Among my specialties now are The World’s Best Clam Chowder, guacamole and flourless chocolate cake. The photo shows me making “salt sticks” that we bought every Thanksgiving for years until the bakery shut down. I could not get their recipe, so I researched and experimented until I duplicated them. The photo was my first successful Thanksgiving dinner effort. (I have further developed to make each one much smaller.) They are absolutely demanded at every Thanksgiving dinner.

I think my Mom would be proud of her son in the kitchen now!
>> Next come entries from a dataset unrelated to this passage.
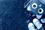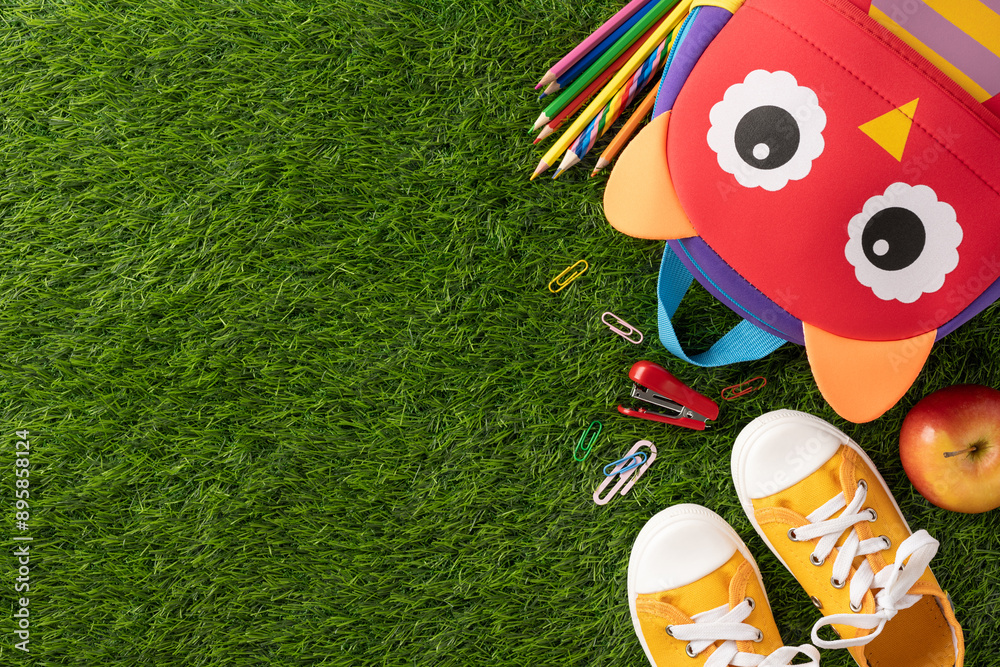 Top view of back to school essentials including a backpack, shoes, and supplies on a green grass background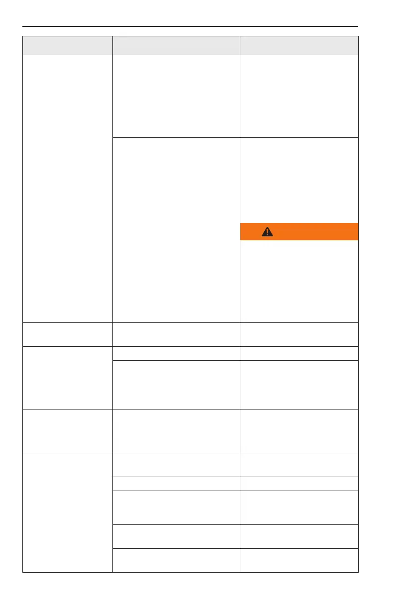 • Hydraulic uid level is low. • Check and ll the hydraulic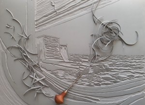 Set kistova za kinesku kaligrafiju pronašla sam u svom kućnom ateljeu. Tata mi ih je prije nekoliko godina donio iz Šangaja. Među gomilom papira našao se i komad klobučnog, pa sam se bacila na posao. Fluidnost poteza koju omogućava tehnika korištenja ovih kistova bio mi je idealan za crtanje površine mora. Mnogi stručnjaci debatiraju o tome ima li smisla detaljno prenositi karakteristike crteža u grafiku. No meni je, za moju površinu mora, upravo to prenošenje bilo ključno. Htjela sam svoje valovite crte što detaljnije izdubiti u linoleumu.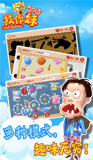 找你妹2015官方正版是一款风靡全球的找图类游戏。该款游戏延续了找你妹系列的经典玩法,以“找物品”为核心主题,并融合了RPG游戏元素。游戏中玩家需要在寻找妹妹的过程中,展开一系列的冒险,玩家可以使用上百种趣味道具,如“原子弹”,“庆丰包子”,“蓝屏按钮”等等,无数精心雕琢的细节和游戏难度、玩法的转换,给予玩家持续不断惊喜感和新鲜感,使玩家乐在其中。此外,找你妹2015游戏还新增了奖励模式、安检模式、数字模式、轮廓模式4种游戏模式,以更加自由便捷操作、精美清新的画风和诙谐动人的故事情节,将风靡全球大找茬风暴再次点燃。喜欢的朋友快来下载体验吧!
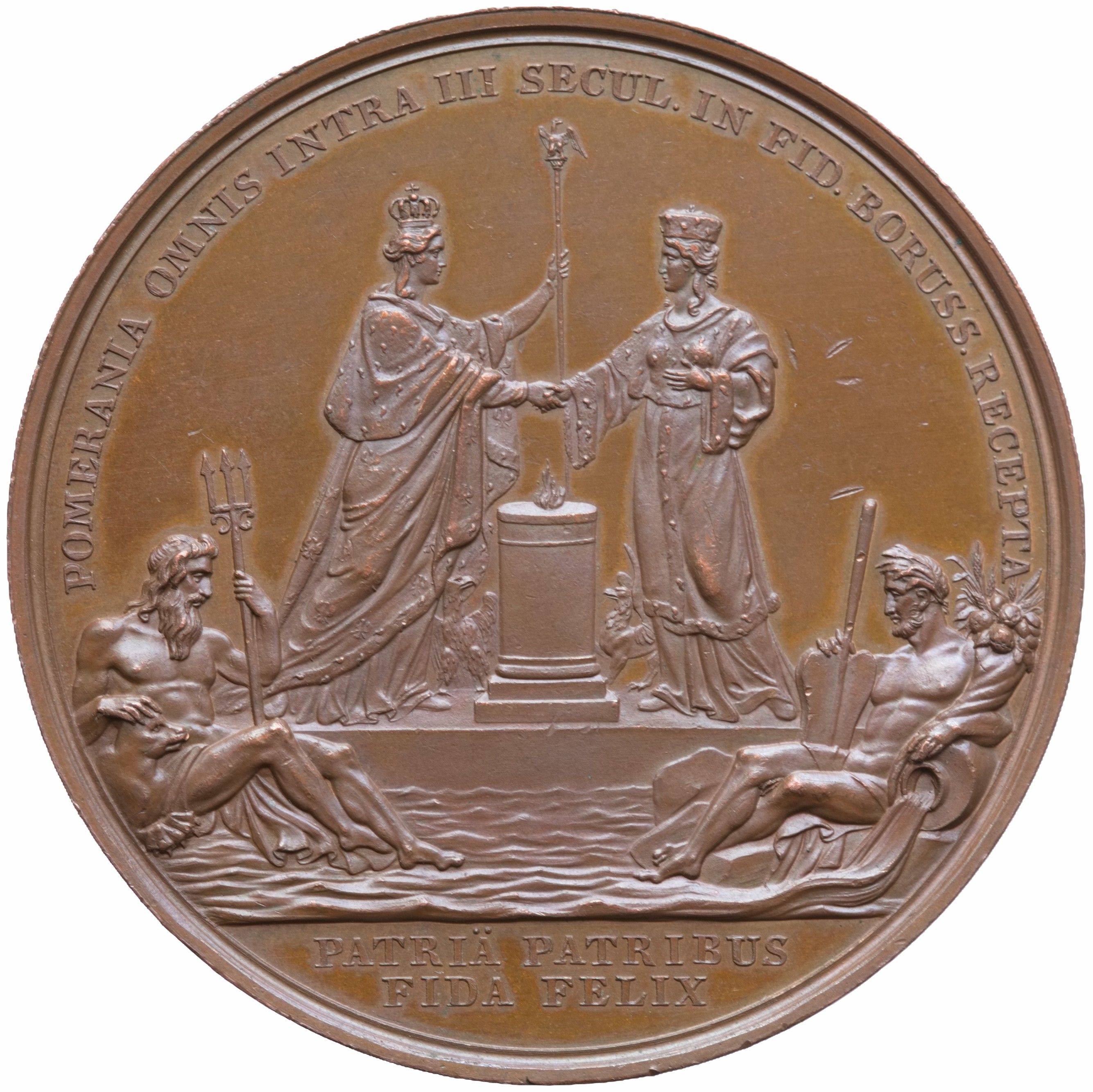 Опис: Бюсти Великого курфюрста Фрідріха Вільгельма I та Фрідріха Вільгельма III, звернені ліворуч / Борусія приймає присягу на вірність від Померанії, на передньому плані — Нептун і Віадрус.

Profile photo of Joe Worth Joe Worth

Characterizations: been there, funny, right on!, well written


  1. It was very illuminating to hear about your cooking saga, from no-dice to novice to quite accomplished chef. Being able to duplicate something you’ve encountered in the world of culinary professionals shows true mastery,

  2. We’re proud of you too Joe and that apres-beach meal sounds delish, your wife’s a smart and lucky gal!
    Good to see you back on Retro!

  3. John Shutkin says:

    You may have been relatively late, Joe, but you sure have soared as a cook over the years. I am humbled and envious!

    Incidentally, the “chowdah” looks great — none of this Manhattan vegetable soup stuff they served in New York. And, as a Tri-State kid from Connecticut, I must concede that New Jersey does, in fact, have the world’s best tomatoes. Whether that alone qualifies it to be “The Garden State” is debatable, though. In any event, those tomatoes then need to be sent to my home state since, as we all know, Connecticut has the best pizza.

  4. Suzy says:

    Fascinating story of how you came to cooking. Thanks for the details about suddenly being a single Dad and learning from Cooking for Dummies, then having a gourmet cook girlfriend, and finally the one you impressed so much with your cooking that she married you!

    I grew up in New Jersey, and I agree about Jersey Tomatoes (my father grew some in our backyard), although the ones we grow in California are pretty darn good too. And your salt sticks look delicious!

  5. Dave Ventre says:

    My grandfather grew tomatoes in the back yard as well! Jersey (aka “Rutgers”” tomatoes were renowned. I think part of the secret was that even the store bought ones were vine ripened or at worst picked a bit green so you could ripen them on your sunny windowsill. They were NEVER gas “ripened.” Those are an abomination.